Wolverine Worldwide is looking at the big picture.
The footwear company announced Monday at the 17th Annual ICR XChange Conference in Orlando, Fla. that it plans to significantly increase brand-building investments in fiscal 2015, including investments in consumer-demand creation, omnichannel initiatives and international expansion, to accelerate global growth and ultimately drive shareholder value.
The investments will come at a cost. With $30 million slated for investments in 2015, Wolverine Worldwide expects mid-single digit revenue growth for FY 2015. In total, the company estimates that incremental investments will total about $100 million over the next three years.
At the conference, Wolverine Worldwide chairman, chief executive officer and president Blake W. Krueger also revealed preliminary, unaudited financial results for the company’s full-year 2014 ended Jan. 3, 2015.
For 2014, the company recorded approximately $2.76 billion in revenue, up 2.6% from the prior year revenue of $2.69 billion. Earnings per share are expected to be consistent with the previous guidance of $1.32 to $1.38.
In light of the expenses, the company said it currently expects its full-year 2015 adjusted diluted earnings per share to be approximately flat compared to 2014.
Krueger said, “I am extremely pleased our Company is expected to deliver another year of record revenue and earnings.
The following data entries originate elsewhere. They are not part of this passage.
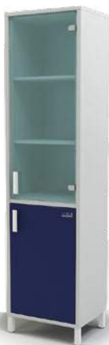
• шкаф для документов

Ширина Глубина Высота 662 мм 475 мм 2100 мм
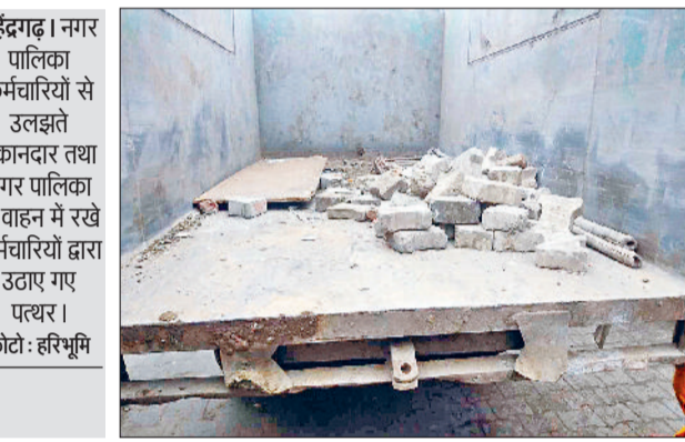
कॉम्प्लैक्स का अतिक्रमण हटाने का कागजों तक प्लान

आखिरकार शहर को कब मिलेगी अतिक्रमण से मुक्ति बाजार में दुकानदारों की ओर से किए अतिक्रमण की वजह से बाजार में आने वाले ग्राहकों को काफी परेशानी होती है। शॉपिंग कॉम्प्लेक्स के जिन दुकानदारों ने दुकान के बाहर आम रास्ते या रोड पर अतिक्रमण किया हुआ है। अतिक्रमण से आमजन को भारी परेशानी का सामना करना पड़ता है। प्रतिदिन बाजार में रोड जाम की स्थिति बनी रहती है। शहर में सबसे ज्यादा अतिक्रमण 11 हट्टा बाजार, शॉपिंग कॉम्प्लेक्स, सिनेमा रोड, गांधी मार्केट, आईटीआई रोड, रेलवे रोड सहित अनेक जगहों पर दुकानदारों ने पक्का अतिक्रमण किया हुआ है।
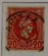
20 Lepta, Farbe: a. dkl. rot

The Company remains focused on driving growth across our portfolio, and our expected strong earnings performance and cash flow generation for the year are a testament to our team’s disciplined execution against our global, diversified business model——a robust model that delivers consistent results in virtually any economic environment.”
Senior vice president and chief financial officer Don Grimes said, “We are very pleased with the expected excellent close to the fiscal year——especially the acceleration of some of our key brands in the quarter. Nine of our 16 brands are expected to deliver double-digit revenue growth in the quarter, and Sperry is expected to have finished the year strongly, generating high-single digit revenue growth in the quarter. Additionally, the expected outstanding cash flow performance enabled us to reduce our estimated net debt to below $700 million at year end.”